## Given information
▼

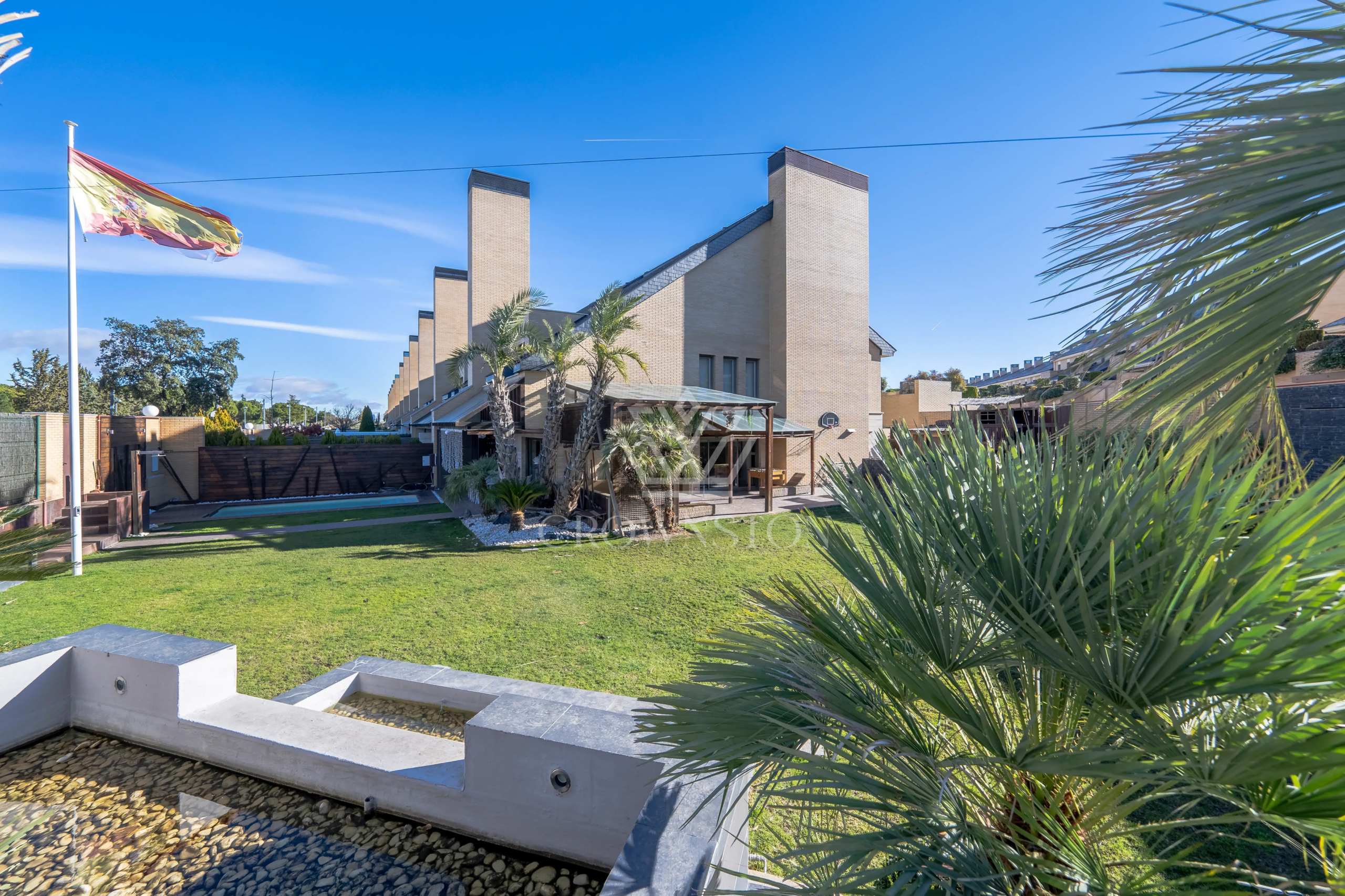 Este fantástico chalet pareado de esquina se alza sobre la parcela más extensa de la urbanización, con un jardín envolvente que evoca los paisajes más cuidados del Mediterráneo: palmeras, fuentes, cascadas, una casa de juegos independiente y una piscina exterior rodeada de zonas de descanso. Todo ello acompañado por un sistema de sonido Sonos con 12 altavoces exteriores, irrigadores integrados en los porches para refrescar las estancias en los días más cálidos, y un elegante porche de madera con acabados en microcemento y sifones incorporados.
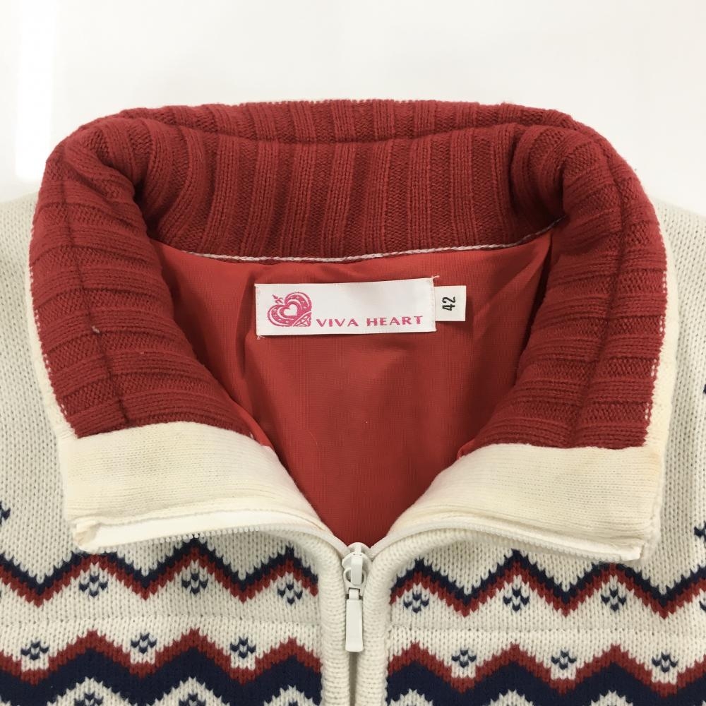 ビバハート アウターベスト アイボリー×ネイビー ニット ノルディック柄 ウール混 裏地付き レディース 42(L) ゴルフウェア VIVA HEART
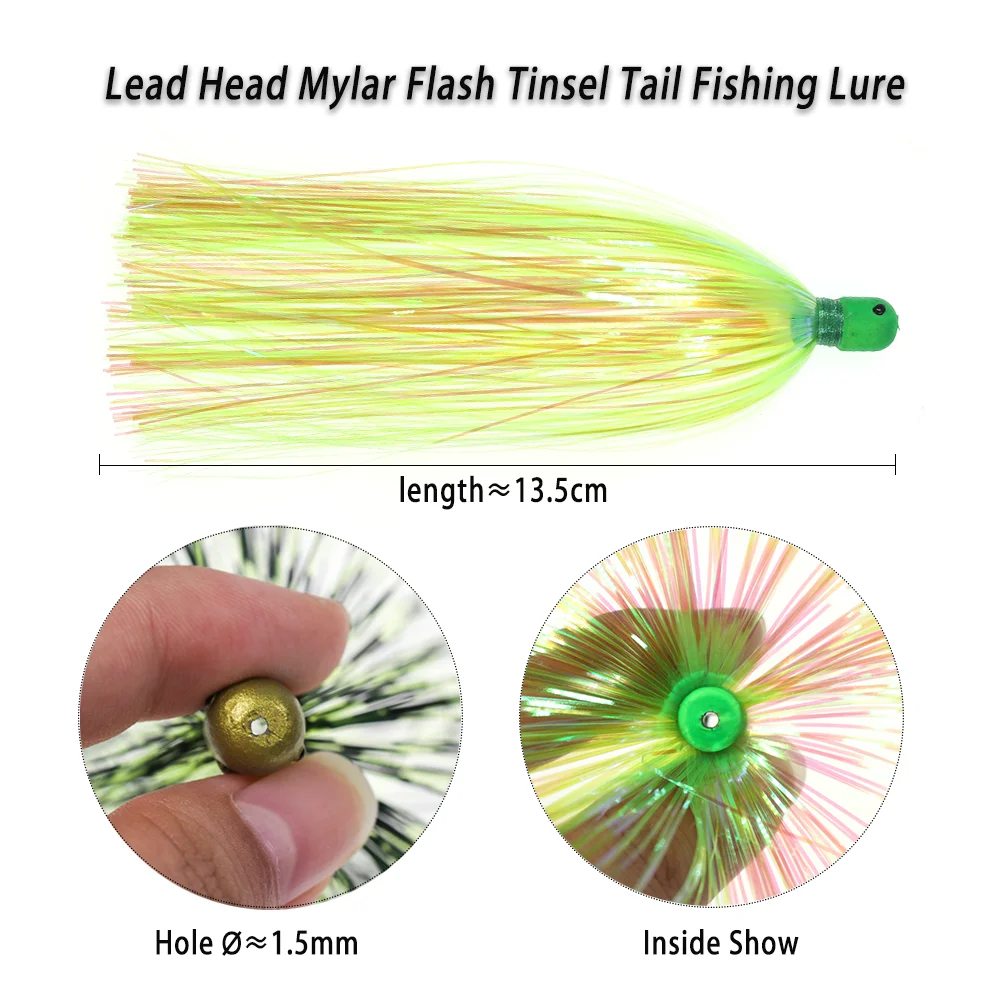 Cabeza de plomo Mylar Flash oropel cola señuelo de pesca
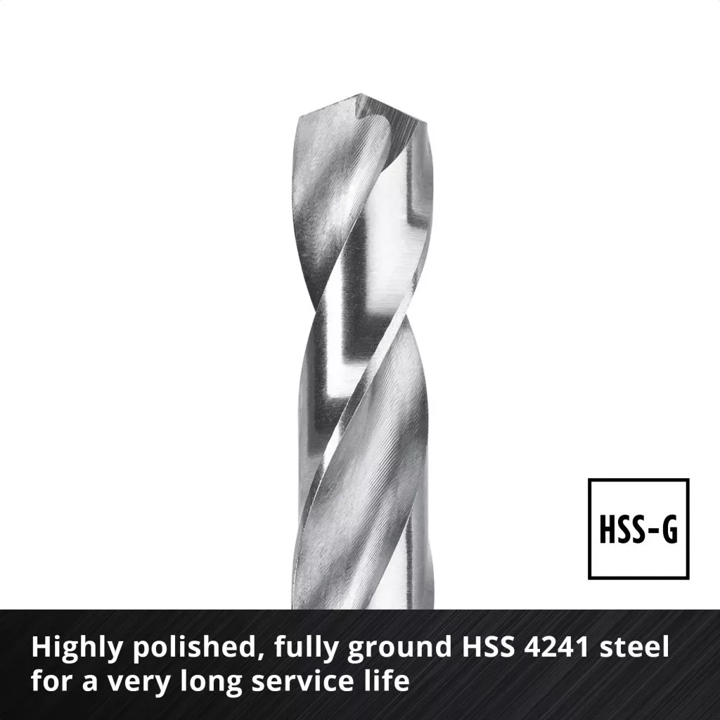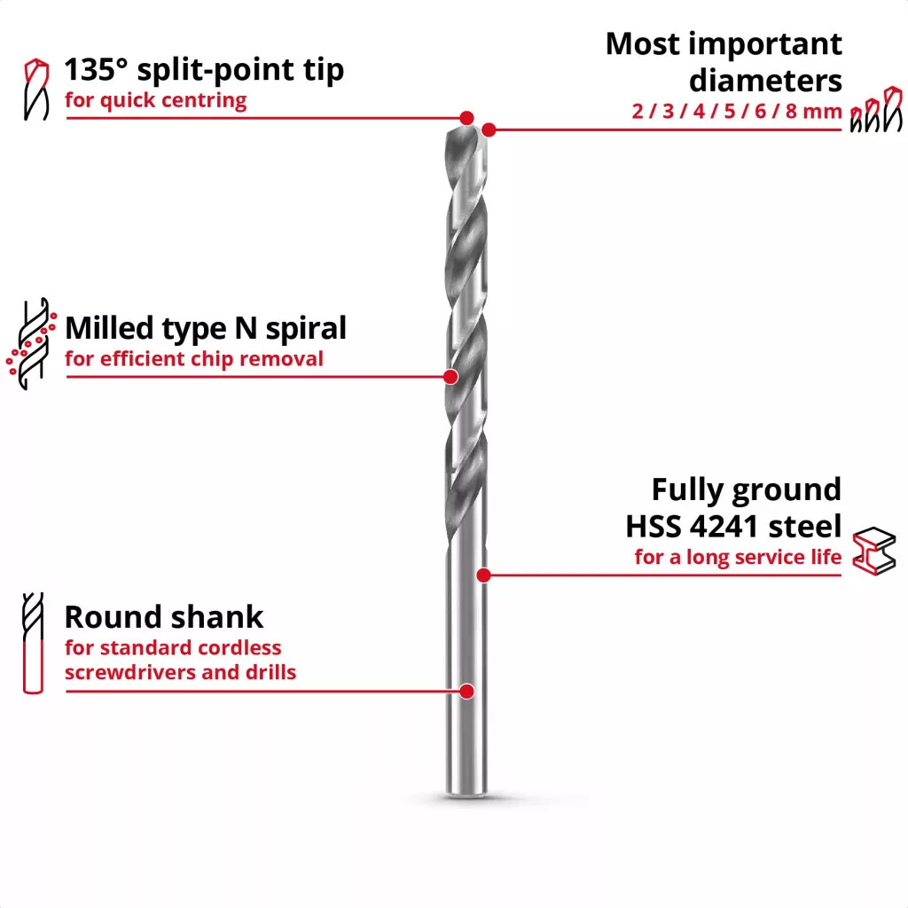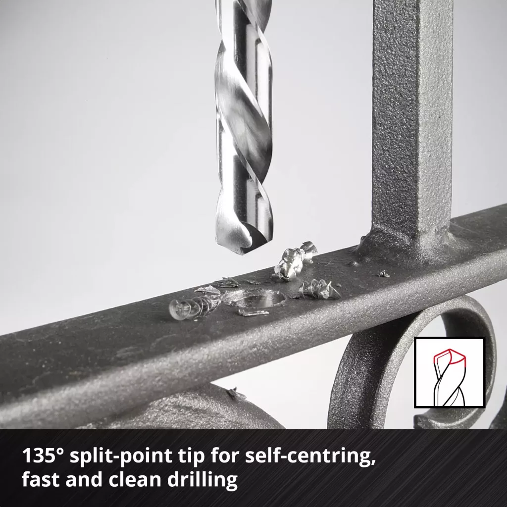 Az Einhell 6 darabos HSS-G fémfúrókészlete a legfontosabb 2 / 3 / 4 / 5 / 6 / 8 mm-es átmérőket tartalmazza. Ezek a fúrók kiváló minőségű HSS 4241 nagy teljesítményű acélból készülnek, amely teljesítményéről és tartósságáról ismert. A 135°-os hasított hegy gyors központosítást és tiszta, gyors fúrást tesz lehetővé. A DIN 338 szabványnak megfelelően a fémfúrók jobbos vágásúak és mart N típusú hélixszel rendelkeznek, ami hatékony forgácseltávolítást és precíz eredményeket biztosít. A teljesen köszörült HSS-G fúrók magasfényűre polírozott felülettel rendelkeznek, amely ezüst színűvé teszi őket. Az Einhell fúrófejeket acélban, színesfémekben, alumíniumban, lemezekben és műanyagokban használják, és különösen alkalmasak vas és fémprofilok fúrási munkáihoz. Rozsdamentes acélhoz azonban nem szabad használni őket. A fúrófejek kiváló szolgálatot tesznek gyakori használat esetén, különösen a barkácsolásban. A kerek szárnak köszönhetően a fúrófejkészlet illeszkedik minden szabványos fúrótokmányhoz a kereskedelmi forgalomban kapható akkus csavarhúzókban és fúrókban. Egy praktikus tárolódobozban tárolhatók, amely rendezett tárolóhelyet biztosít. Az álló funkció megkönnyíti az egyes fúrófejek kivételét. Az Euro lyukas akasztó minden szabványos perforált fali dupla kampóhoz alkalmas, így a kazetta felakasztható a műhelyben vagy a garázsban. Míg az átlátszó fedél gyors áttekintést nyújt a tartalomról, a robusztus automatikus záródású klipsz biztonságos zárást biztosít.

▲

## The problem
Would you transcribe all of the data exactly, apart from its pictures?

## Output for this exercise
 Este fantástico chalet pareado de esquina se alza sobre la parcela más extensa de la urbanización, con un jardín envolvente que evoca los paisajes más cuidados del Mediterráneo: palmeras, fuentes, cascadas, una casa de juegos independiente y una piscina exterior rodeada de zonas de descanso. Todo ello acompañado por un sistema de sonido Sonos con 12 altavoces exteriores, irrigadores integrados en los porches para refrescar las estancias en los días más cálidos, y un elegante porche de madera con acabados en microcemento y sifones incorporados.
 ビバハート アウターベスト アイボリー×ネイビー ニット ノルディック柄 ウール混 裏地付き レディース 42(L) ゴルフウェア VIVA HEART
 Cabeza de plomo Mylar Flash oropel cola señuelo de pesca
 Az Einhell 6 darabos HSS-G fémfúrókészlete a legfontosabb 2 / 3 / 4 / 5 / 6 / 8 mm-es átmérőket tartalmazza. Ezek a fúrók kiváló minőségű HSS 4241 nagy teljesítményű acélból készülnek, amely teljesítményéről és tartósságáról ismert. A 135°-os hasított hegy gyors központosítást és tiszta, gyors fúrást tesz lehetővé. A DIN 338 szabványnak megfelelően a fémfúrók jobbos vágásúak és mart N típusú hélixszel rendelkeznek, ami hatékony forgácseltávolítást és precíz eredményeket biztosít. A teljesen köszörült HSS-G fúrók magasfényűre polírozott felülettel rendelkeznek, amely ezüst színűvé teszi őket. Az Einhell fúrófejeket acélban, színesfémekben, alumíniumban, lemezekben és műanyagokban használják, és különösen alkalmasak vas és fémprofilok fúrási munkáihoz. Rozsdamentes acélhoz azonban nem szabad használni őket. A fúrófejek kiváló szolgálatot tesznek gyakori használat esetén, különösen a barkácsolásban. A kerek szárnak köszönhetően a fúrófejkészlet illeszkedik minden szabványos fúrótokmányhoz a kereskedelmi forgalomban kapható akkus csavarhúzókban és fúrókban. Egy praktikus tárolódobozban tárolhatók, amely rendezett tárolóhelyet biztosít. Az álló funkció megkönnyíti az egyes fúrófejek kivételét. Az Euro lyukas akasztó minden szabványos perforált fali dupla kampóhoz alkalmas, így a kazetta felakasztható a műhelyben vagy a garázsban. Míg az átlátszó fedél gyors áttekintést nyújt a tartalomról, a robusztus automatikus záródású klipsz biztonságos zárást biztosít.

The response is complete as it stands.